- _HOW TO COMPLETE THIS TASK_:
Retype the records below from their first line through the line holding "Just then the", including both ends and no pictures.

(Stored data entries)
* * * * *
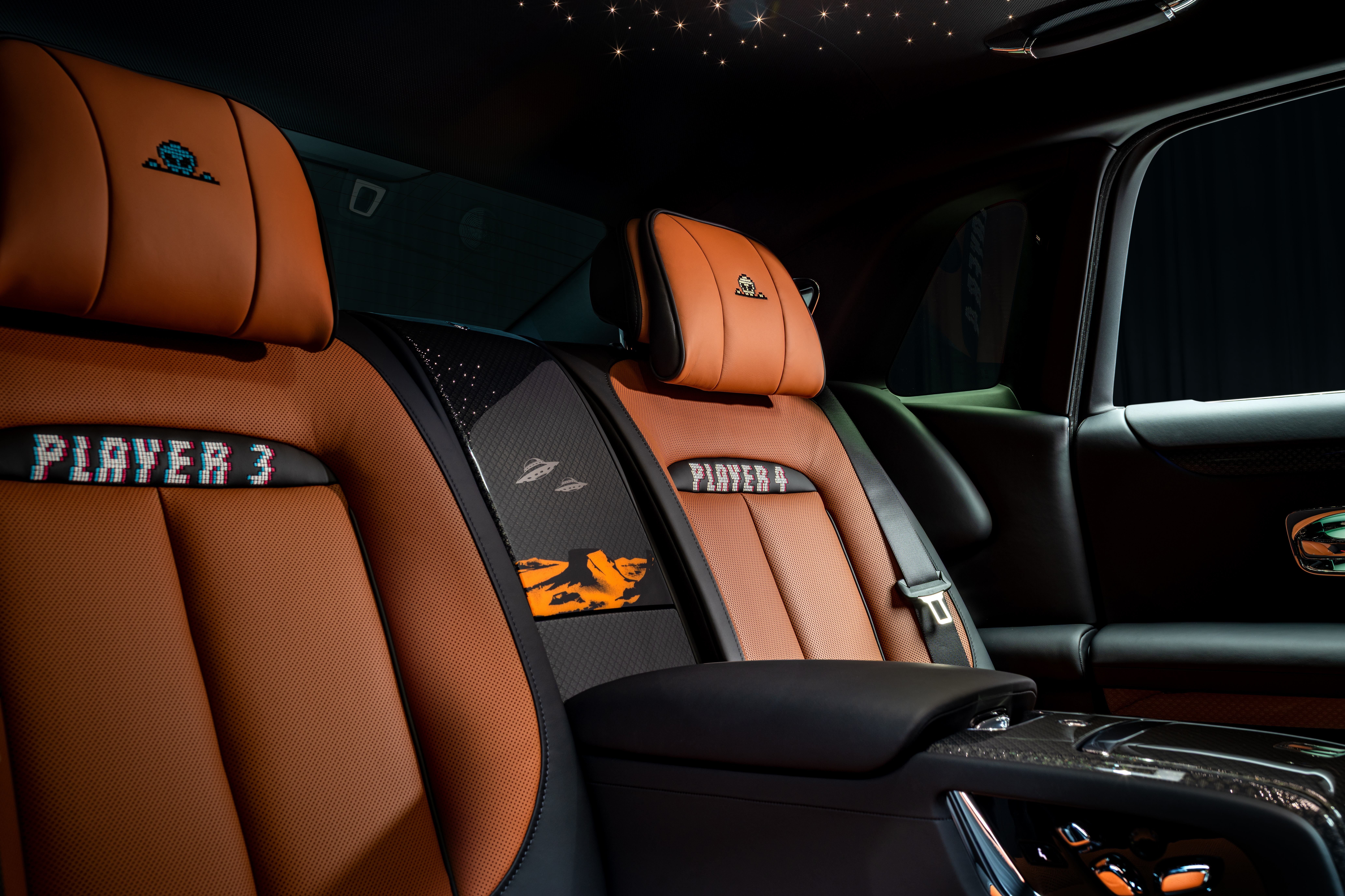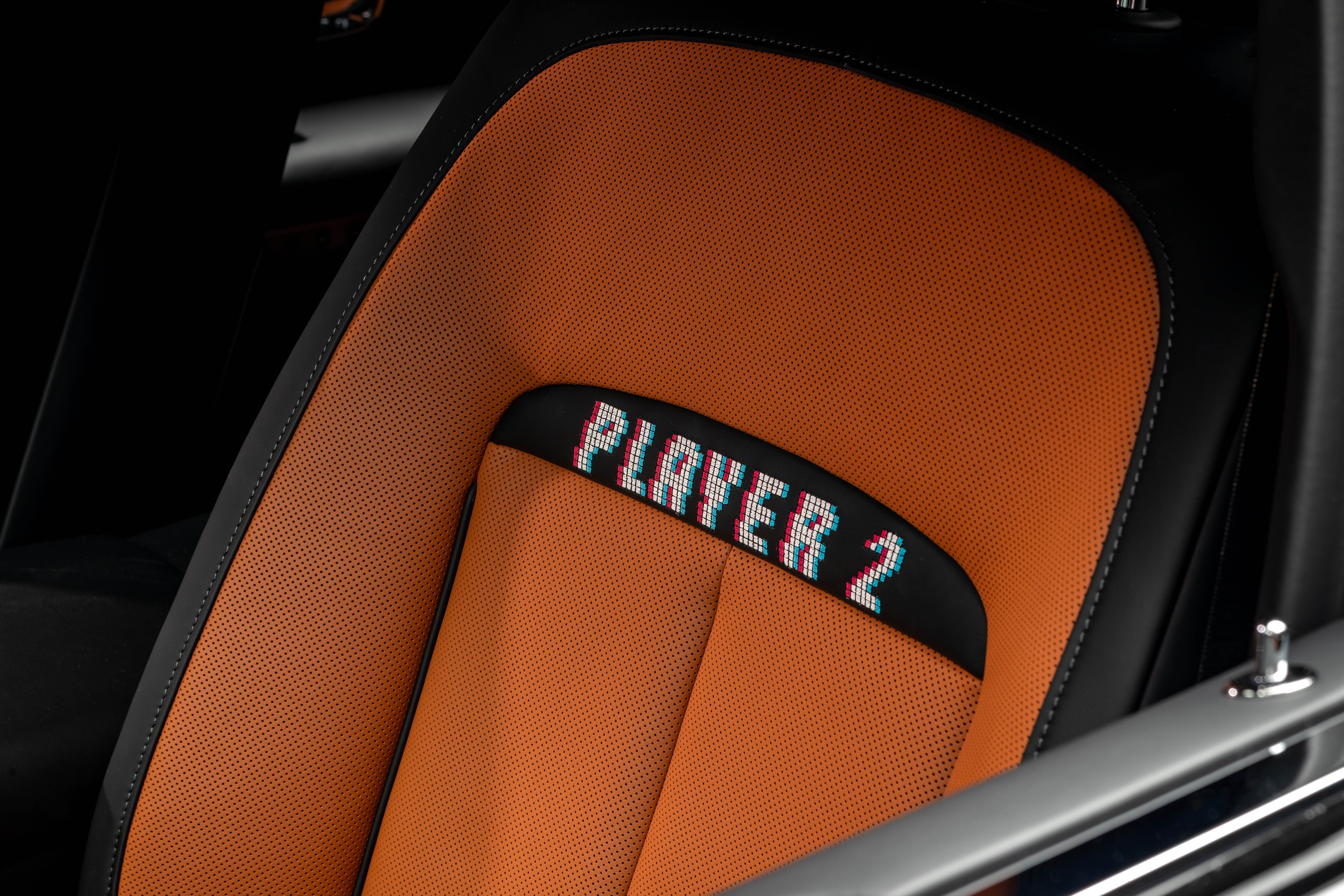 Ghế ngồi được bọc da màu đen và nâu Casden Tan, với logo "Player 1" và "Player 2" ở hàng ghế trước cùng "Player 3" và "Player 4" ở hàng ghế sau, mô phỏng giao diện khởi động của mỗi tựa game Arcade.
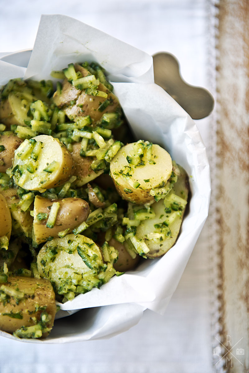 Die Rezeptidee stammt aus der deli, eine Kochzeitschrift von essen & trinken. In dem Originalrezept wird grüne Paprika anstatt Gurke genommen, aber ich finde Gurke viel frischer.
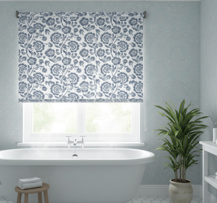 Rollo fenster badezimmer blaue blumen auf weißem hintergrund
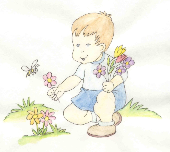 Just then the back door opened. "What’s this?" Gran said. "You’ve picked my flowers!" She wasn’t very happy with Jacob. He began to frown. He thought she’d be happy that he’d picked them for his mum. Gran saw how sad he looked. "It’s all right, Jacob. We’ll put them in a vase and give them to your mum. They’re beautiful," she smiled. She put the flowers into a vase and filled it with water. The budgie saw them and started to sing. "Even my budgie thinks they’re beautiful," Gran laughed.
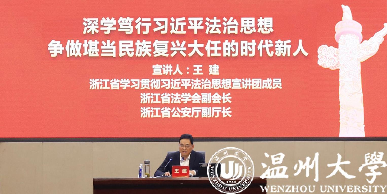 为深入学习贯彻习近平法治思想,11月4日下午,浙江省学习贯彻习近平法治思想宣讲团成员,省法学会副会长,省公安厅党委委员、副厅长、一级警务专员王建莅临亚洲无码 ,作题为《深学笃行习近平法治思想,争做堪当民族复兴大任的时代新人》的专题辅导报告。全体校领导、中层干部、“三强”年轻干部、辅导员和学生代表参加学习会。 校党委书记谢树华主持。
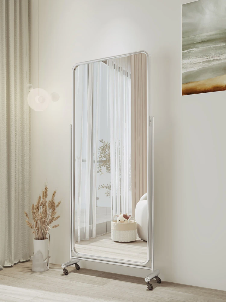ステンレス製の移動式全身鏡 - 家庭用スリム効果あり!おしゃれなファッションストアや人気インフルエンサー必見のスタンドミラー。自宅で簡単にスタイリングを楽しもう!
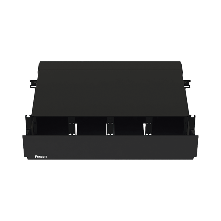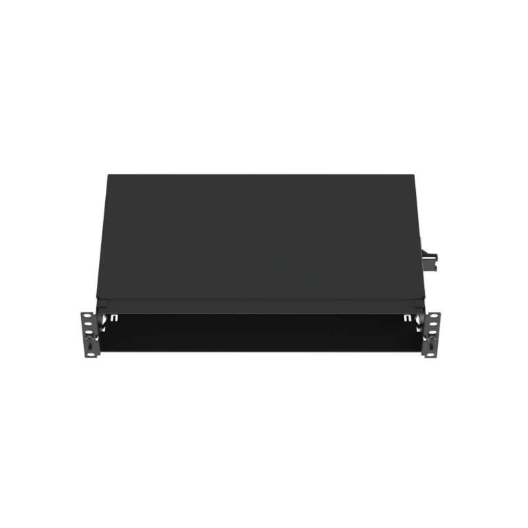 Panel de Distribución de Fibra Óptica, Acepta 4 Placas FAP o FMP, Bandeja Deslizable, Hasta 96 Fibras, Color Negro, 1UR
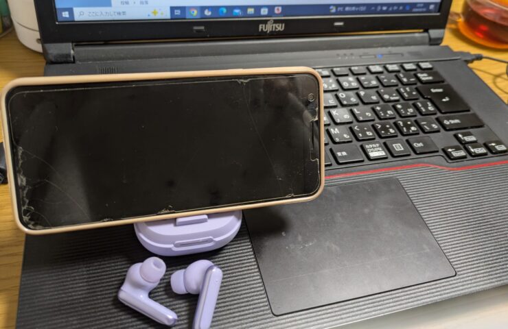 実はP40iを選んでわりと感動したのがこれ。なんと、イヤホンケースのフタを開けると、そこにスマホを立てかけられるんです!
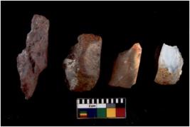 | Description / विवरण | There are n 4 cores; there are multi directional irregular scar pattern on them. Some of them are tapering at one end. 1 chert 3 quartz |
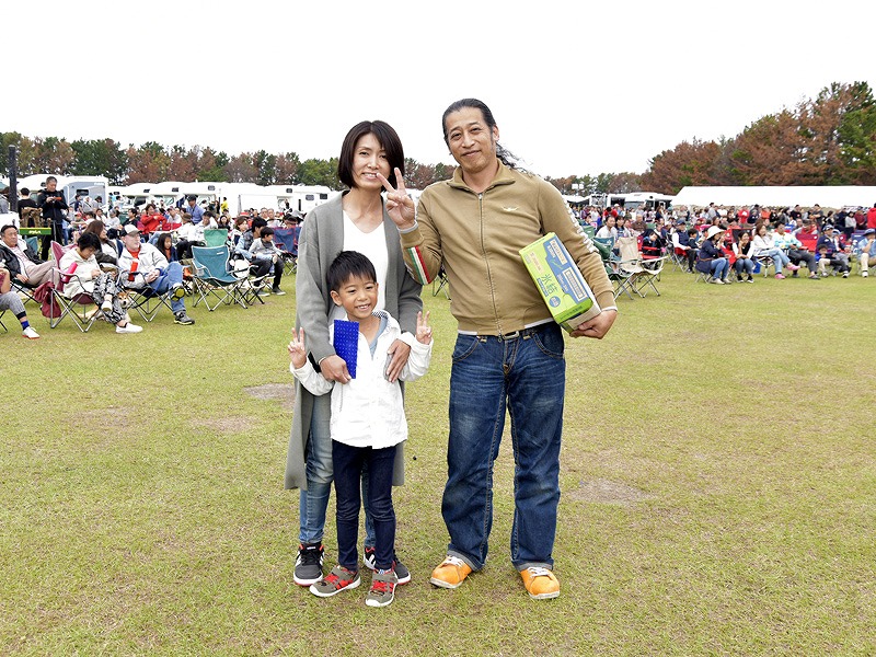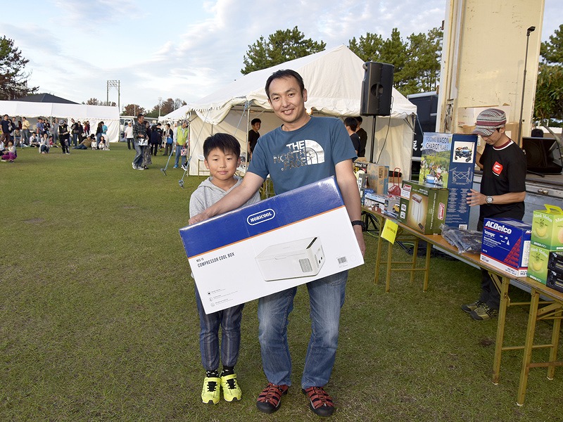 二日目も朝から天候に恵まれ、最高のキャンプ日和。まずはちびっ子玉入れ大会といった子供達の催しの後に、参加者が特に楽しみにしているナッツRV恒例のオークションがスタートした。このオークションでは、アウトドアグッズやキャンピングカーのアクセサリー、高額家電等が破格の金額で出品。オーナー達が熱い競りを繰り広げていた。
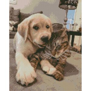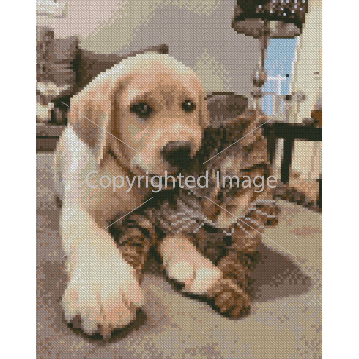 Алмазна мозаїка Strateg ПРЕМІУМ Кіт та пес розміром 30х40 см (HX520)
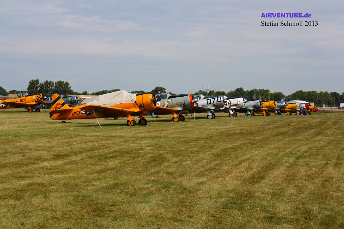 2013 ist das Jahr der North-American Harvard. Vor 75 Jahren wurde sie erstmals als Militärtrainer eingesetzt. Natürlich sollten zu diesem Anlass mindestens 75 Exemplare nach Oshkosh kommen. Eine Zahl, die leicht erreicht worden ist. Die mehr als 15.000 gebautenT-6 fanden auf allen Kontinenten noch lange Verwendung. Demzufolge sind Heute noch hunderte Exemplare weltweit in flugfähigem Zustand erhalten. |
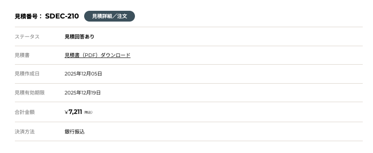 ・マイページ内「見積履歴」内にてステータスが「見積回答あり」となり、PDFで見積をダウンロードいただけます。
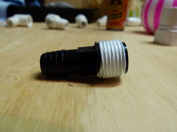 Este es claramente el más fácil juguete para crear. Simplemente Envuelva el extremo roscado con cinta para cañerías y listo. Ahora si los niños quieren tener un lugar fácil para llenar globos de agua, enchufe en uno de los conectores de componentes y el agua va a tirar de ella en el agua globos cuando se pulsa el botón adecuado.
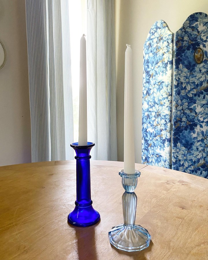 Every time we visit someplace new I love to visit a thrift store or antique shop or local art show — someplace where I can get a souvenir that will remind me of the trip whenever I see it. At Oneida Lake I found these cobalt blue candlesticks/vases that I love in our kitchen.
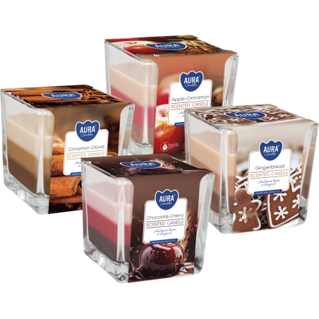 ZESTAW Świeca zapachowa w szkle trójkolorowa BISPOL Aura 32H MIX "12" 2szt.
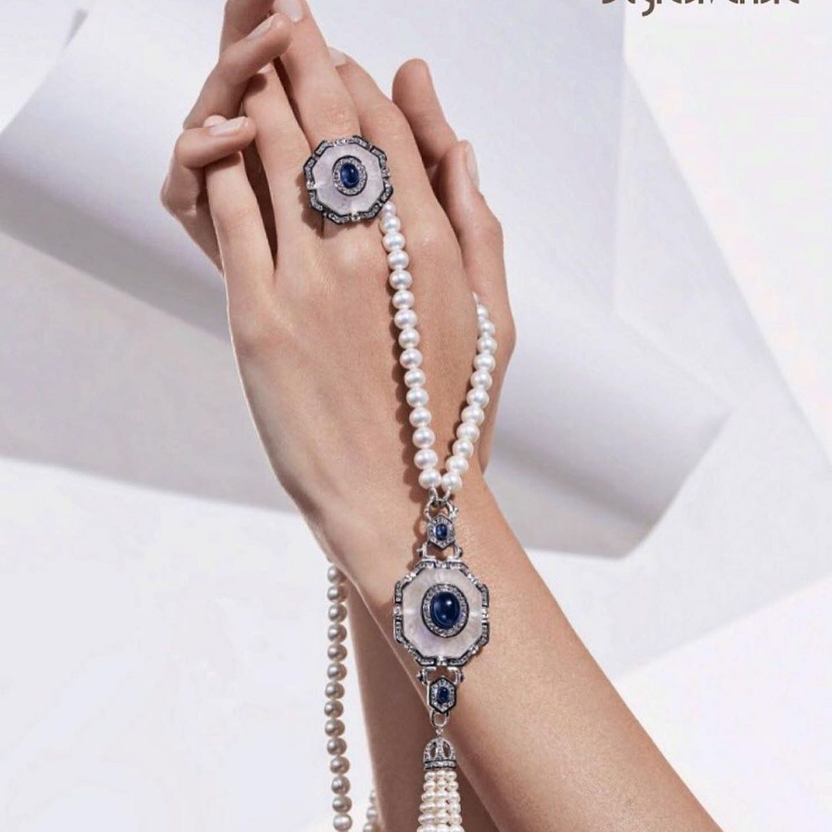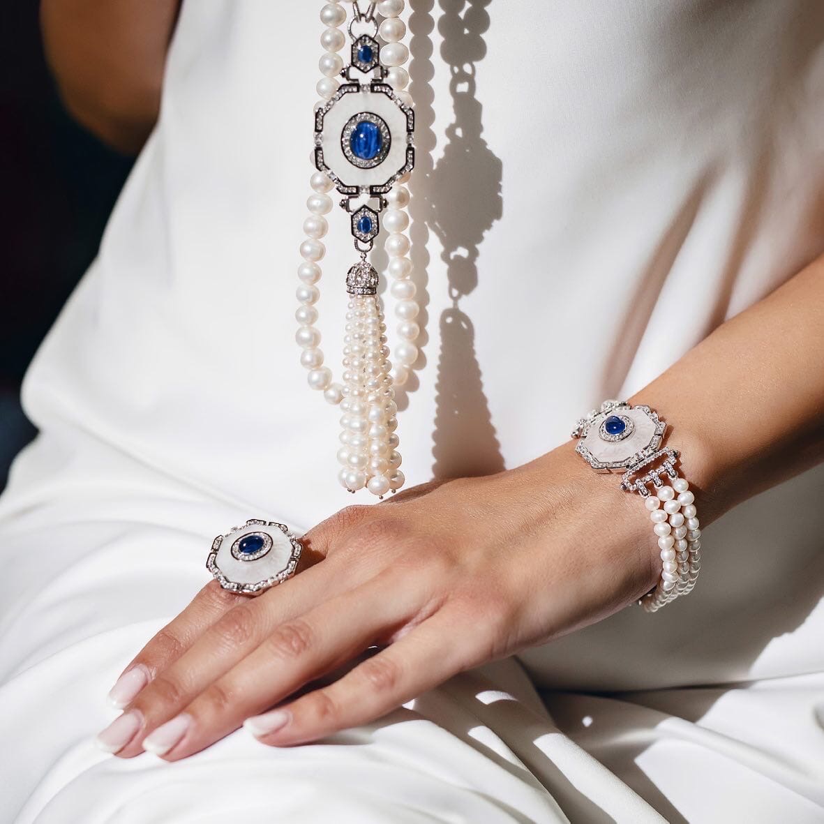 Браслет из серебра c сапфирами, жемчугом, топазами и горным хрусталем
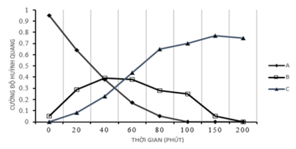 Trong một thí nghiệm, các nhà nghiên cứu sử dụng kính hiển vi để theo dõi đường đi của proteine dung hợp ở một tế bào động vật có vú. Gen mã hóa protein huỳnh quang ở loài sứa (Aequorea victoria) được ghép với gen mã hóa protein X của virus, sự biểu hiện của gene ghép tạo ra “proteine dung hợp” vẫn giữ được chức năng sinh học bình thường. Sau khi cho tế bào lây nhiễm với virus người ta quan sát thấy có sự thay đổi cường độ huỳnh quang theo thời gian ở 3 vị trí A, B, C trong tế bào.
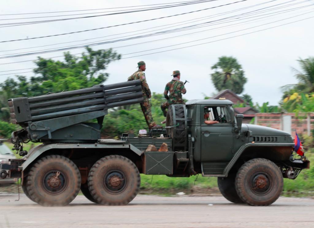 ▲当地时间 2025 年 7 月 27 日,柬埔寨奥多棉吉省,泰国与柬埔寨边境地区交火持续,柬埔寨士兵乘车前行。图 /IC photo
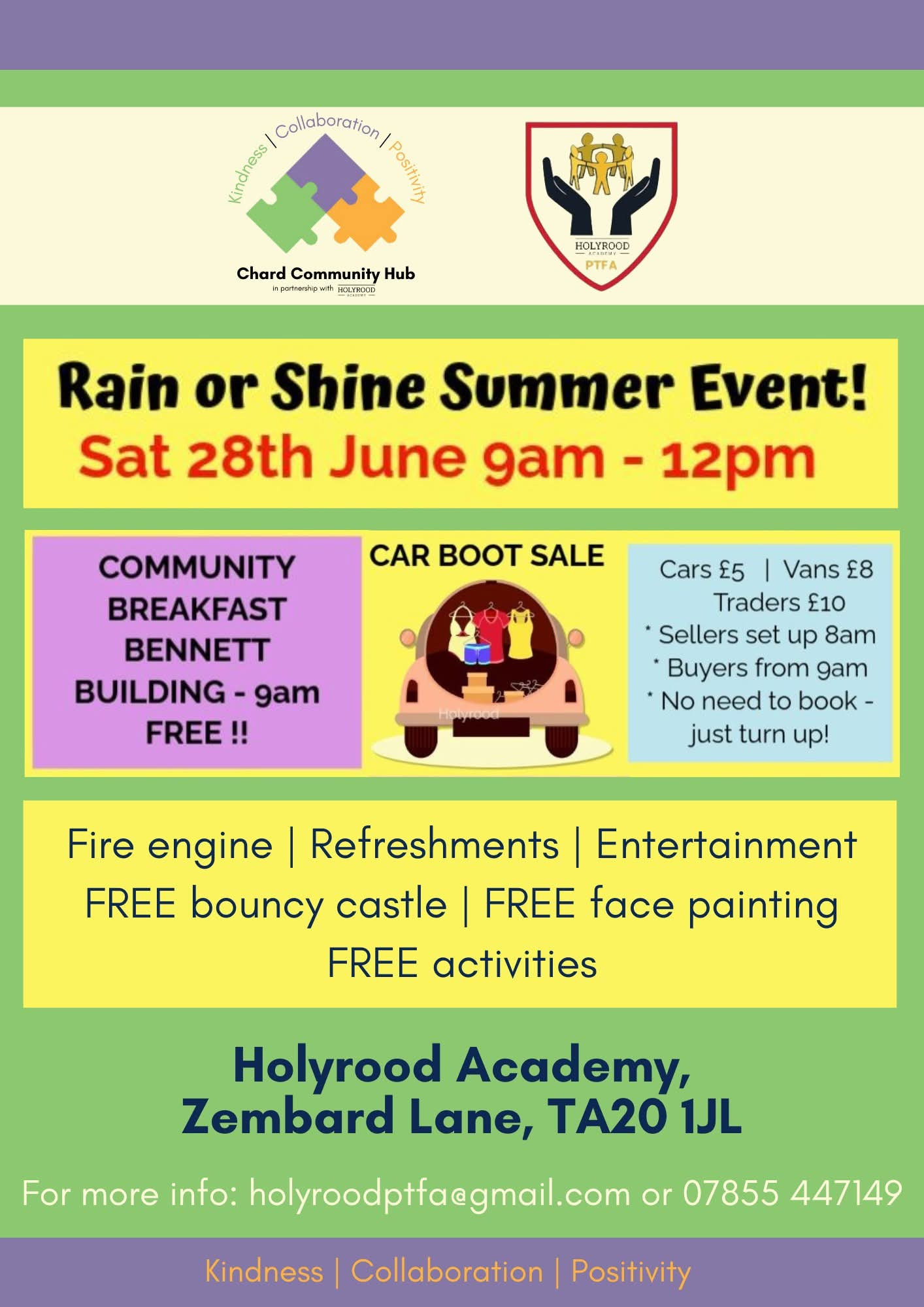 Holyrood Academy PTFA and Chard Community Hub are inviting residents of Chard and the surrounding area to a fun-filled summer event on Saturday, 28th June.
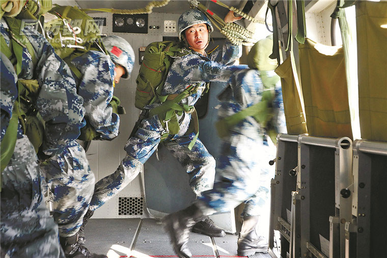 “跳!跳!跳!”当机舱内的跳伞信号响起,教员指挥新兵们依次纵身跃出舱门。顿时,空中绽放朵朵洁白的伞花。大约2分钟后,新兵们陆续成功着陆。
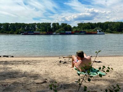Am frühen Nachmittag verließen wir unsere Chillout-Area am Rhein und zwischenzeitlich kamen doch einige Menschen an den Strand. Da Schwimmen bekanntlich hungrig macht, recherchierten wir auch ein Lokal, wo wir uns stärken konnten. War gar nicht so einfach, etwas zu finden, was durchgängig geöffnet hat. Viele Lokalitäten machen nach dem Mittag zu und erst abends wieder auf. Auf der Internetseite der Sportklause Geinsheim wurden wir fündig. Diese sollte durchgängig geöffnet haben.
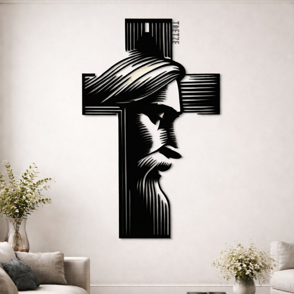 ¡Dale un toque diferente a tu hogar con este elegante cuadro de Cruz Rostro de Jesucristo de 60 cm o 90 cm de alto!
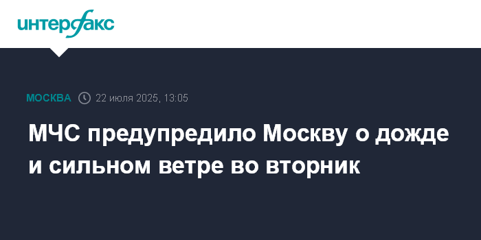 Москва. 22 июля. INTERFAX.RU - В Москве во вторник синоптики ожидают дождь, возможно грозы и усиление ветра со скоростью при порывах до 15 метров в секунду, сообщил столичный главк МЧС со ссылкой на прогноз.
* * * * *
- _SOLUTION TO THE EXERCISE_:
 Ghế ngồi được bọc da màu đen và nâu Casden Tan, với logo "Player 1" và "Player 2" ở hàng ghế trước cùng "Player 3" và "Player 4" ở hàng ghế sau, mô phỏng giao diện khởi động của mỗi tựa game Arcade.
 Die Rezeptidee stammt aus der deli, eine Kochzeitschrift von essen & trinken. In dem Originalrezept wird grüne Paprika anstatt Gurke genommen, aber ich finde Gurke viel frischer.
 Rollo fenster badezimmer blaue blumen auf weißem hintergrund
 Just then the back door opened. "What’s this?" Gran said. "You’ve picked my flowers!" She wasn’t very happy with Jacob. He began to frown. He thought she’d be happy that he’d picked them for his mum. Gran saw how sad he looked. "It’s all right, Jacob. We’ll put them in a vase and give them to your mum. They’re beautiful," she smiled. She put the flowers into a vase and filled it with water. The budgie saw them and started to sing. "Even my budgie thinks they’re beautiful," Gran laughed.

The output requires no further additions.